The feelings and basis of the Summer School was a meeting of people from all over the world, with valuable views born out of their experiences from their countries. This collaboration of minds was fantastically fresh for me, and I will carry this experience throughout the rest of my education in Leeds…

Luke Humphrey blogs about this year’s CGD summer school

The summer sun shone around Leeds especially for the students of the 2016 Centre for Global Development EADI (European Association of Development Research and Training Institutes) Summer School. Chock full of distinguish and specialised academics from across the world giving lectures and workshops on a smorgasbord of eye-catching development subjects ranging from Climate Change to Development Journalism.
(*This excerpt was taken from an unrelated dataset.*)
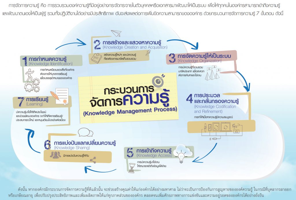 เป็นการสร้าง แสวงหา รวบรวมความรู้ทั้งภายใน/ภายนอก รักษาความรู้เดิม แยกความรู้ที่ใช้ไม่ได้แล้วออกไป

summer_school_2016_LukeAs a second year International Development student at the University of Leeds, many subjects over the week were second nature, but what was not familiar was the bottomless amount of knowledge, depth and insight provided by both seasoned lecturers and a diverse and engaged group of students. What was most enlightening in fact was the discussions and debates from the students coming from four different continents across the world altogether for the school. A scorching hot Monday set the scene for a double dose of development talks. Firstly from Professor Cuz Potter and Jinhee Park, an intriguing and informative tale of city transformation, rural to urban, green pastures to dense city high rises. Cuz and Jinhee pulled in their extensive knowledge of South Korea. What becomes immediately apparent is how interconnected development is with so many other fields of study, from Architecture & City Planning to Engineering and Construction, development is at the heart of what we are studying, but it stretches out so much further when applied to real life projects and transformation of societies in the developing world. Not only does this huge spectrum of study find its way into the lectures, but also it shines through the wide variety of student’s backgrounds. Engineers, Geographers and Historians alike gather to study a constantly growing field full of potential. What cannot be stressed enough is the limitless amount of different experiences and background from the participants which greatly enriched every debate and discussion during the summer school.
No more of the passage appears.